Family Office
Cambridge Associates Taps Into Asia's Family Offices Story
This news service recently spoke to the firm about its recent move to step up operations in the Asia-Pacific region and how it works with family offices.
The population of Asia-Pacific family offices is rising fast, mirroring the ascending number of high net worth and ultra-HNW individuals across the region. As those numbers rise, so does their need for advice on investments and operations.
To plug into that trend, Cambridge Associates, the investment house, recently announced that it was setting up a Hong Kong office, adding to its Beijing and Singapore operations, hiring senior director Edwina Ho.
“In the last 10 years we have started to build investment work for Asia-based clients. There is a much bigger opportunity for us to tell our story,” Mary Pang (pictured), head of the Global Private Client Practice, Cambridge Associates, told this news service in a recent call.
“There is a lot of desire [in Asia] to learn from other countries’ family offices,” she said. “We are getting a lot of requests to understand governance. Culturally, here it is all about control.”
Pang knows that her firm is standing on a rising escalator. According to figures from 2019, out of the approximate figure of 7,300 single family offices, about 1,300 are in Asia – with that figure rising more than 40 per cent since 2017 (source: Campden/UBS Global Family Office Report). And Pang’s own situation underscores why Asia matters to Cambridge Associates. She used to be based in San Francisco before moving to Singapore.
As the cohort of first-generation business owners in Asia hands over the reins to successors – raising concerns about control and transfer – so family offices, along with independent wealth managers and external asset managers, have taken root. The shift also requires a changed mindset for families about how to manage wealth, contrasting with a more transactional approach in the past.
Families in Asia that have been creating wealth increasingly realise the need to diversify risk, Pang said.
“We are seeing second generations who are getting educated in the West, getting greater awareness of investing, and coming home, and getting involved in running the operating business,” she continued. “They [next generations] recognise they cannot do it all and need to professionalise and build a structure.”
As regularly reported in these pages, a big trend has been family offices’ enthusiasm for private market investments and taking direct stakes in companies, bypassing funds. We asked Pang if this trend has further to run.
“We certainly see value for families building long-term portfolios to consider an allocation to private investments such as venture capital and private equity,” she said. “Families are at varying degrees of comfort when allocating capital to the private market due to the longer lock-up periods, and their need to access liquidity. We wrote a paper about this exact topic, which speaks to our views on the merits of having an up to 40 per cent allocation in private investments. This holds for families focused on the long term and with the ability to move quickly with their allocations. As global families continue to seek returns, we feel there is more upside in this area of the market.”
Cambridge Associates tends to work with family offices with a minimum net worth of about $150 million; it has a research team to perform due diligence on thousands of managers.
“We get to know [managers’] general partners incredibly well,” Pang said. The firm’s networking with GPs is a big source of referrals, Pang continued.
Pang stressed that her colleagues don’t lecture clients on how their family offices should operate, but instead sets out ideas and lets clients work out the best routes for themselves.

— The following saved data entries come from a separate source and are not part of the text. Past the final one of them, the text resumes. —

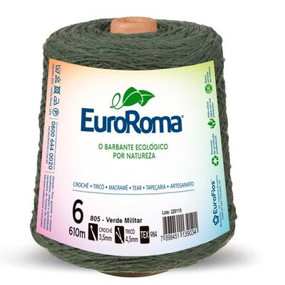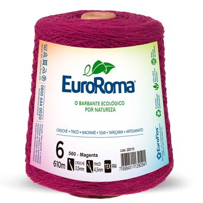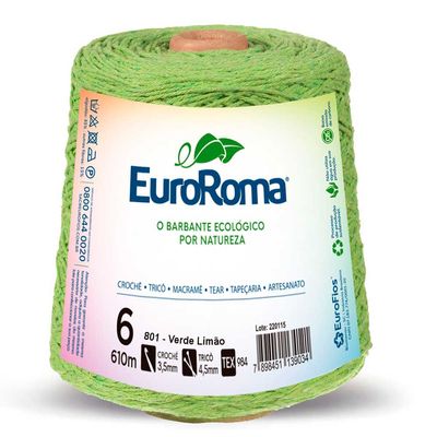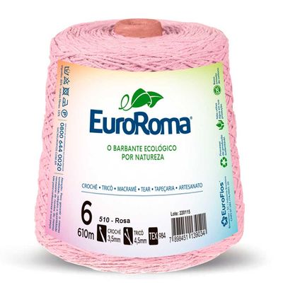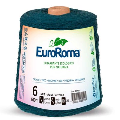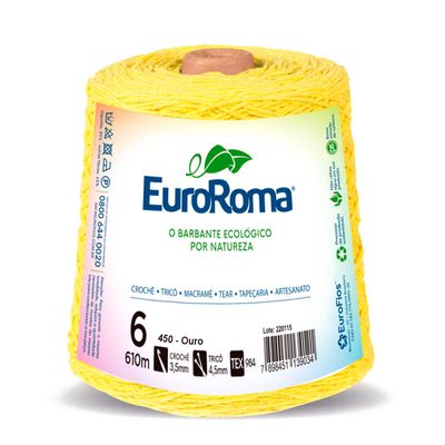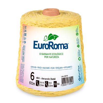 O Barbante EuroRoma 4/6, conhecido também como barbante nº 6, é desenvolvido através de matéria-prima reciclada, produzido de forma sustentável, este barbante apresenta qualidade, beleza e versatilidade.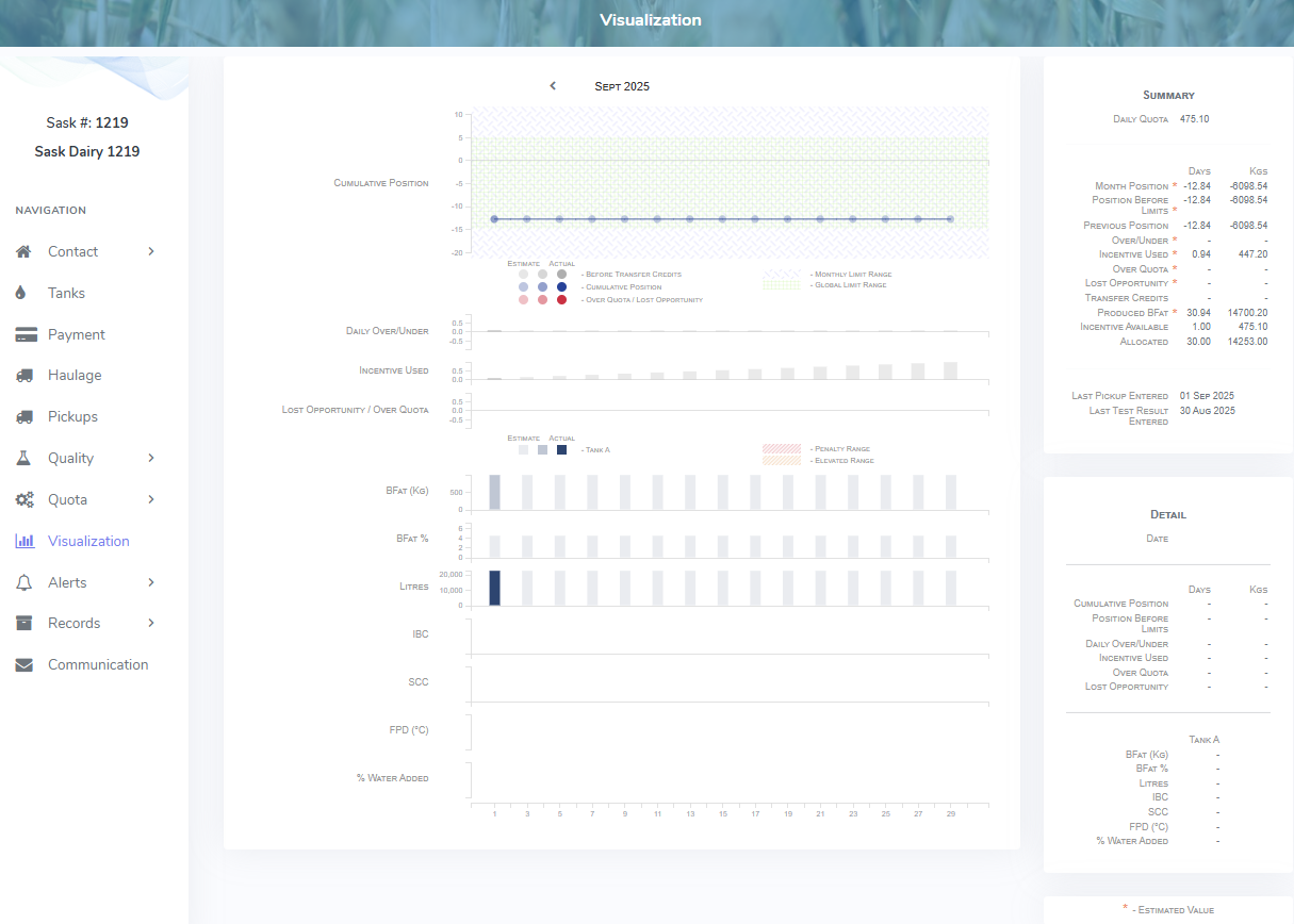 The Visualization page displays graphically the cumulative position, daily over/under, lost opportunity/over quota, and milk components for the month selected.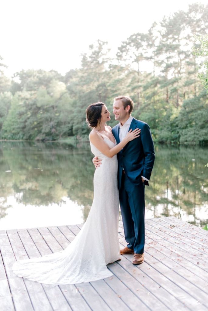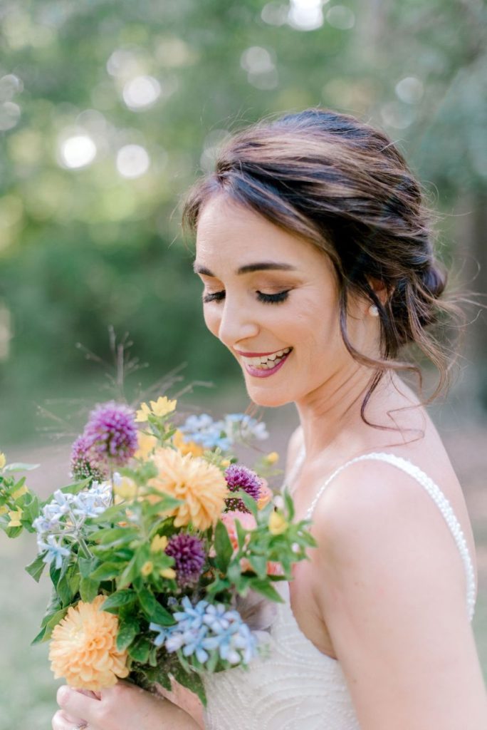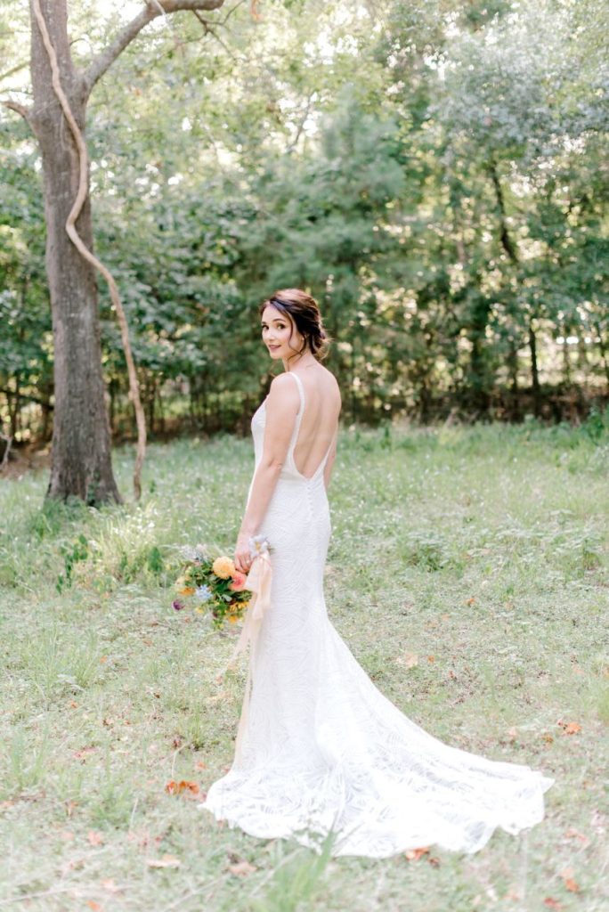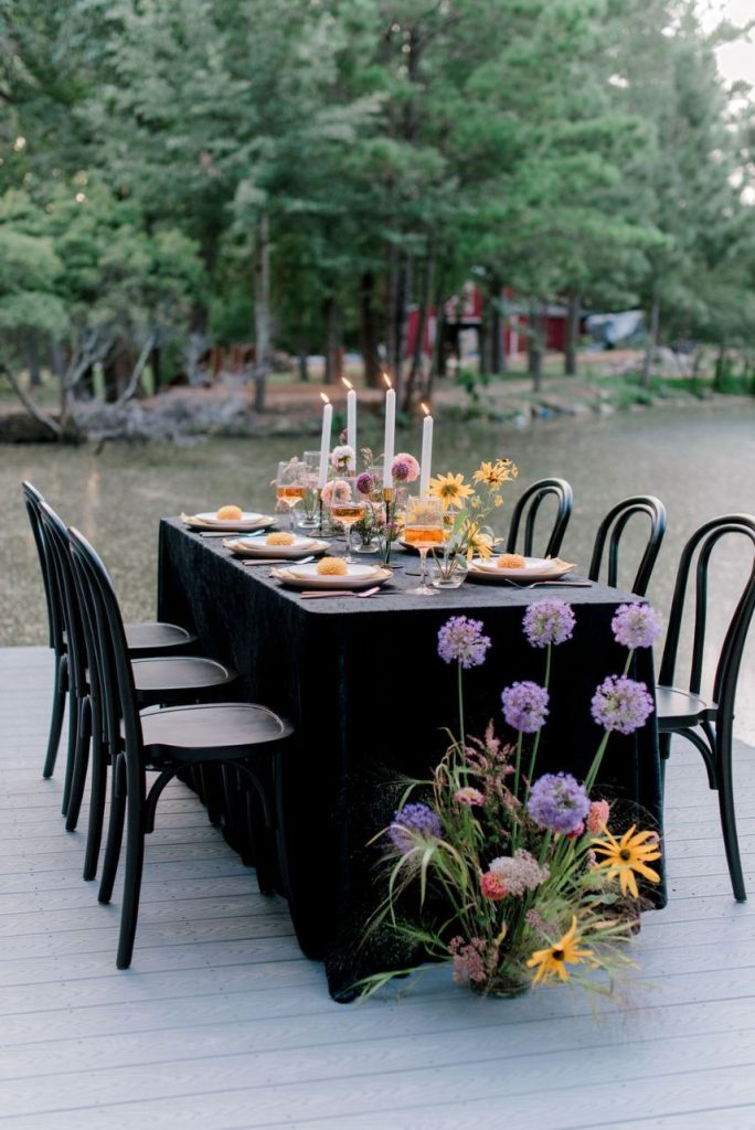 Held at Forever 5 Events, this effortlessly elegant wildflower wedding inspiration features a fun and playful palette, plus so many other darling details! Nestled on 16 captivating acres of property perched on a lake, the unique design of Forever 5 Events allows the water to reflect off the floor-to-ceiling windows and copper fins situated between the pearlesque siding. The vertical installation of the siding matched with real copper fins and a copper-colored metal roof ensure its one-of-a-kind beauty. You will fall in love with this venue so fast! Our faux bride looks absolutely radiant in a beaded deep V-neck gown from Unbridaled featuring an open back that feels just as wild-spirited and wildflower-inspired as it looks. So stunning! Peachy pastel florals pop in the sweetest way possible on a black tablescape and opulent gold flatware only accents this playful palette even more. We definitely gained some color inspo from this free-spirited wildflower wedding inspiration at the least! Read on for a note from the venue owners about the vision behind the design of this sweet styled shoot. Cheers!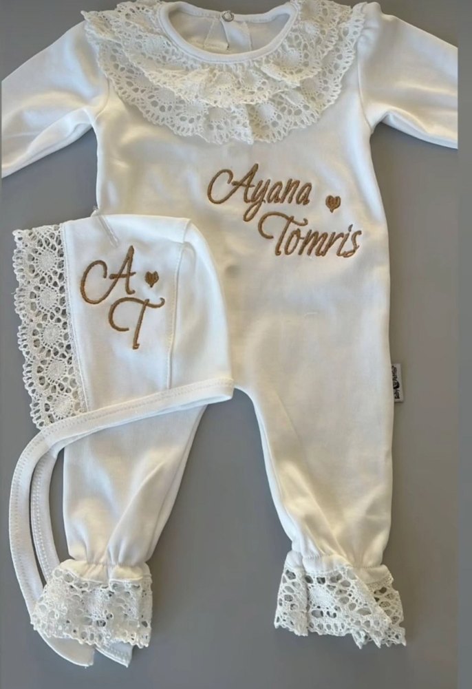 Dantel Detaylı Beyaz Bebek Kız Tulum isim nakışlı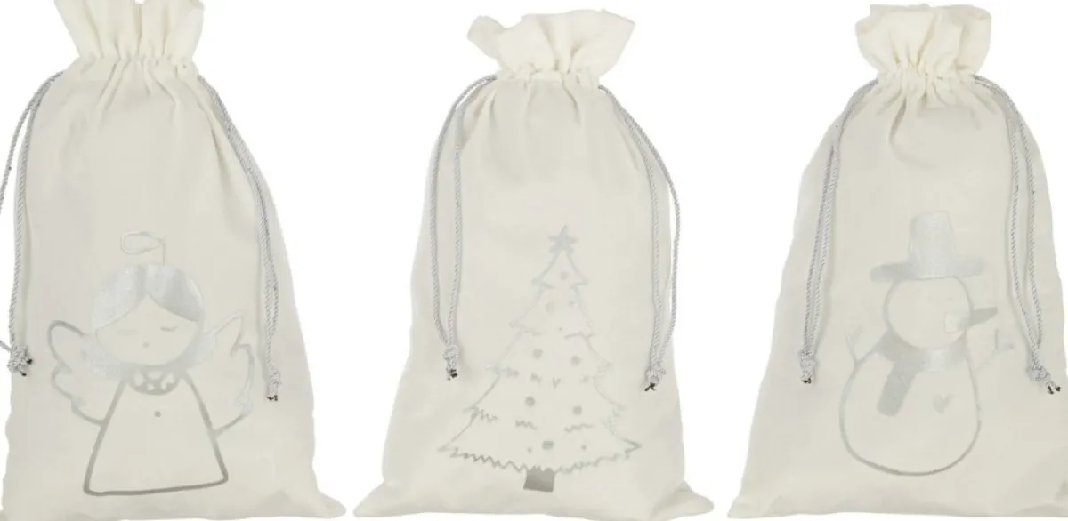 Zak Kerst Mix Velvet Wit/Zilver Medium Assortiment Van 3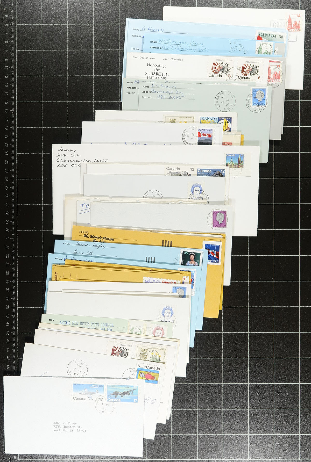 Accumulation of roughly 300 covers collected for Northwest Territories town cancels, 1930's-1980's. We note a handful of different towns including Coppermine, Arctic Bay, Hay River, Fort Smith, Cape Dorset, and more. Postmark interest includes cds, MOON, POCON types, machine, Klussendorf, and perhaps a few others, with the vast majority of covers commercial in nature including envelopes having corner advertising. A few faults as is the nature of commercial mail, still a nice lot for Canada postmark hunter. Estimate =

“We aren’t here to tell people how to run their family offices,” she said.
One challenge in working with HNW families is the pandemic and associated social distancing controls imposed around the world.
Like every other business, Cambridge Associates’ ability to travel and see clients has “fallen off a cliff,” Pang said. “Our ability to do onsite visits with managers has been limited…we have been leveraging technology in the market as much as we can. 2021 has been one of our busiest years in terms of new clients wanting to work with us.”